6. Liability of the Parties
6.1. All the claims on quantity within 3 (three) month and quality of the Commodity are sent by the Buyer to the Seller in the written form within 9(nine) month after the shipment date. The Seller should consider the claim and send the answer to the Buyer within 15(fifteen) calendar days from the claim’s receipt.
6.2. The previously mentioned claims shall be given in written form, and be sent by fax or telegraph to the Seller. The following documents should be attached to the claim:
- Bill of Lading or the Waybill.
- Claim act.
- Commodity Receipt Act
Date of the postmark of the Postal Authorities of the respondent country on receiving the letter or a telegram, should be considered as a date of the claim. If the last day of claiming period falls at nonworking day at the respondent country, nearest working day is considered the dead-line of the claim period.
6.3. The claims on quality and quantity, evidenced by sample of the claimed Commodity, photographs showing defects of the Commodity, should be accompanied by the detail claim report (“Claim Act”) filled out by the Buyer, together with Inspection report issued by a competent independent organization or chamber of commerce in Duplicate. The Inspection report issued by the chamber of commerce competent organization, considered as warrant for the compensation by the Seller all the losses, sustained by the Buyer.
If the Seller wants to examine the Commodity, which is claimed on quality, the Seller shall inform the Buyer about this wish within five (5) days from receiving the Claim Act, and send the authorized representative for examining the Commodity at latest within seven (7) days since the Seller informs the Buyer about a wish to examine the Commodity. As a result of examination, final decision on the claim is taken by the Seller and the Buyer together.

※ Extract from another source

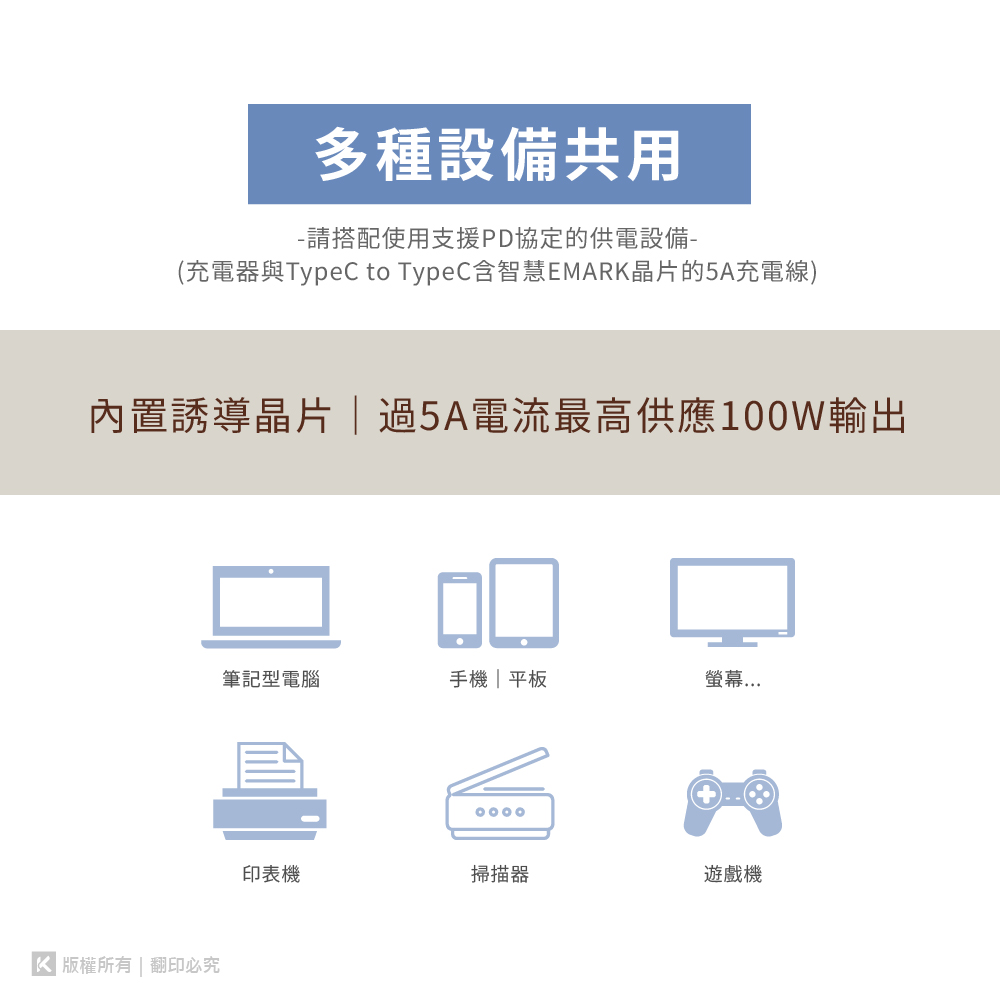 【特色】 1.Typec母轉DC公的電源轉接DC頭 2.支援PD快充協議,內置誘導晶片,過5A電流,最高供應100W輸出 3.搭配PD及Typec口充電器使用,便於針對筆記型電腦.手機.平板.遊戲機.印表機.掃描器.螢幕各項設備供電 4.搭配PD電源頭可為Acer.Asus.HP.聯想Lenovo.Dell.東芝.MSI等供電 產品尺寸 : 32x10x36mm 產品重量 : 12.5g±5g 材 質 : PVC塑料 包裝尺寸 : 82x30x135mm 包裝內容 : 轉接頭x1 【PD 5A快充線連結】 https://b2b.ktnet.com.tw/Product.aspx?PID=KTYTCFF06E-1.2M&CID=34,40,029,052,02 注意事項 1.購買前請確認電源轉接DC頭內外徑尺寸符合您的需求 2.充電頭供電不足會造成時充時不充或斷充狀態 3.TYPEC-TYPEC線請選購5A+全智能晶片線材 4.搭配PD電源頭可為Acer.Asus.HP.聯想Lenovo.Dell.東芝.MSI等供電

The survey service and labor cost of competent independent organization to be paid by the Buyer followed by unconditional rebate of the Buyer's charges by the Seller.
6.4. Should the filing of the claim by the Buyer prove to be justified, the Seller shall, at its option and expenses, on prior agreement with the Buyer, reduce the price, or replace the defective Commodity with the Commodity in conformity with the specification under the certain Order Confirmation to the present contract. Should the claimed Commodity be replaced by the Seller, the replacement should be shipped at latest within fifty (50) calendar days, since the replacement agreement date on delivery term, defined by the Seller, bases «INCOTERMS-2010» on his own expense.
6.5. In case the Commodity price reduction decision is taken, the amounts, acknowledged by the Seller for payment as the settlement of the claim should be paid by the Seller within thirty (30) days since the Seller sends the Buyer the notes on acknowledgment of the above mentioned amount.
6.6. In the event that the Seller delays shipment of the Commodity in terms defined in Order Confirmation hereof for reasons solely attributable to the Seller, the Buyer has the right to claim liquidated damages on undelivered quantity equivalent to 12% p.a. of the Commodity contract price, defined in the certain Order Confirmation to the present contract, where delivery was delayed, for every day of delay. The liquidated damages under this Article shall be to the full satisfaction of the Seller's liability for delay and non-delivery of the Commodity.
If the aforesaid delay in shipment exceeds six (6) full weeks, the Buyer has the right to cancel / renegotiate the purchase of the Commodity under the certain Order Confirmation delayed.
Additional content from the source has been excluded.